Today’s Motorcycle Scene | If It Ain’t New, It Ain’t Hot

Editor's Note

I had an interesting conversation with our cover bike builder Caleb Owens. While we were waiting on the model to put on less clothing, we were discussing how the custom motorcycle scene has changed so much as of late. It seems like only a few years ago, if a bike didn’t have a theme to it, it just wasn’t considered cool. During that time Caleb was busy building old bikes with some of his friends. He explained to me back then you really didn’t see that many old bikes and when you did, there was an instant bond. From that bond of a few like-minded builders grew group rides. From those group rides came small shows. Those small shows have morphed into full-blown rallies like Born-Free 4 with more than 15,000 attendees. In just a few short years, what was once considered low-class budget builds by grease monkeys had taken off to world-class builders creating bikes for just one event.

The same evolution could be said for the mini-bike scene. I used to be all into modifying 50cc mini-bikes. Yes those same ones that are made for your three-year old. What started as a few guys jumping their kids’ bikes on a drunken dare grew as people began to make small tracks in their backyards. From there the scene grew out of control until its peak with ex-Super Cross champions racing on specially built machines costing tens of thousands of dollars. The bikes had morphed from binge drinking bets on who can jump the farthest to miniature factory-prepped race machines built compact by design with full-size bike suspension.

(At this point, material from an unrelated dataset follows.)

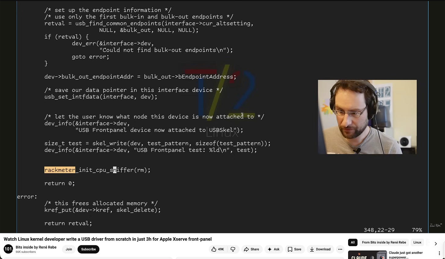 Watch Linux kernel developer write a USB driver from scratch in just 3h for Apple Xserve front-panel (youtube)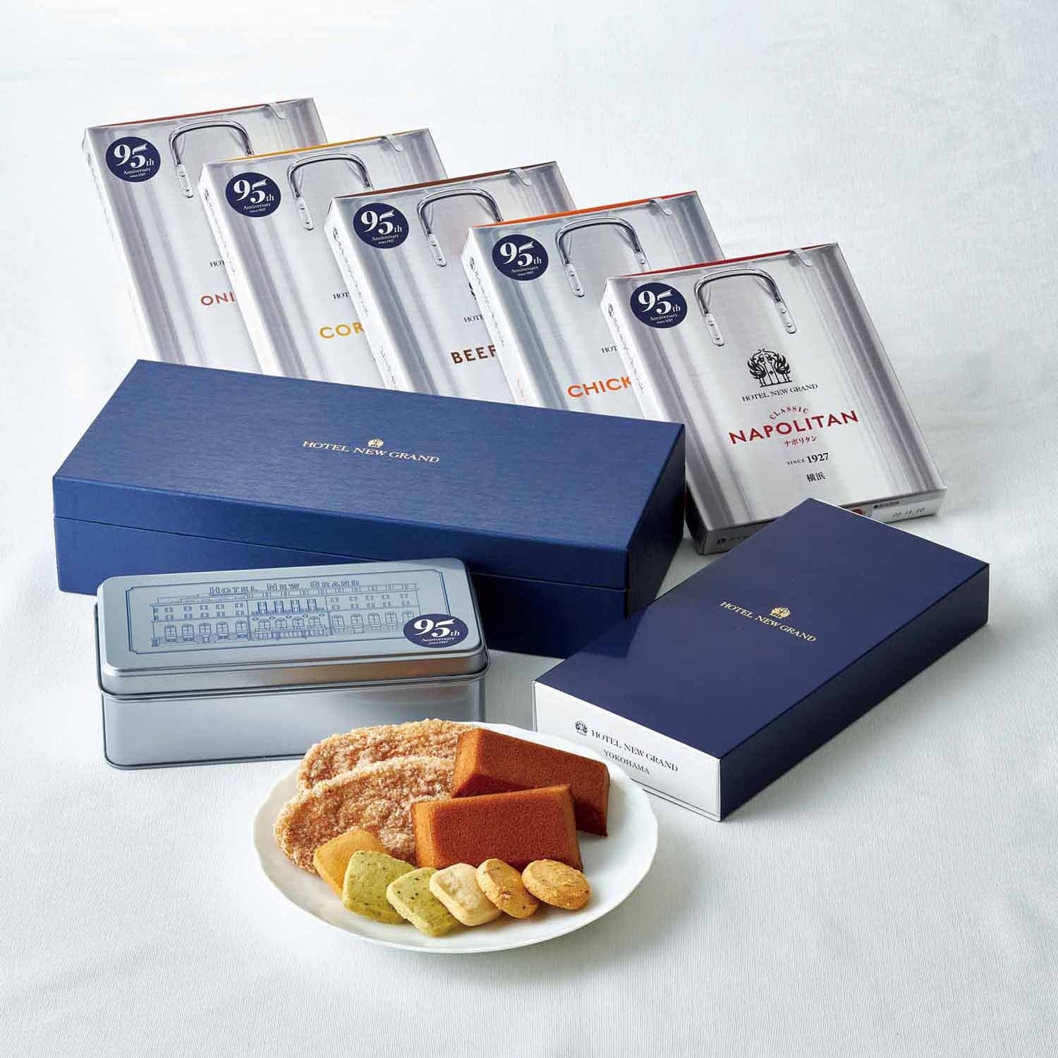 【内容】 レトルト(ナポリタンソースほか5種)、フレーバークッキー(4種、200g、1缶)、

It’s only when look back can you stop and say WTF? What just happened? How did something so fun and so different get out of control? Where did all the fun go?

Today that same underground uprising is unraveling before our eyes. What’s new looks old and what’s old is hot. Oh sure, the race for the big-wheel baggers is going strong and you can never push too much power out of a putter. But it seems what’s greasy is gold and again raw talent is surpassing what can be bought from the shelves.

It kind of makes you want to stop and look around at what’s NOT hot at the moment. Who are the butt of the jokes and which bikes are being labeled lame … right now. Out there somewhere is a bunch of “kids” that don’t know shit about how bikes should be built, making their bikes their way. They aren’t following the preset rules or looking to the big names in the industry for design ideas. The next time you see some “young punk” doing it all wrong, stop and try to understand his point of view, if just for one second. You never know. One single non-judgmental word of encouragement might be the fuel to spark his fire. Then one day when it’s his time in the spotlight, hopefully he will step down off the stage and say thank you. Tomorrow’s trends are being formed today and no matter how hard you try, you too will one day be the dad at the disco. Until then, as long as it’s got two-wheels and a motor and it’s cool to you, I salute you.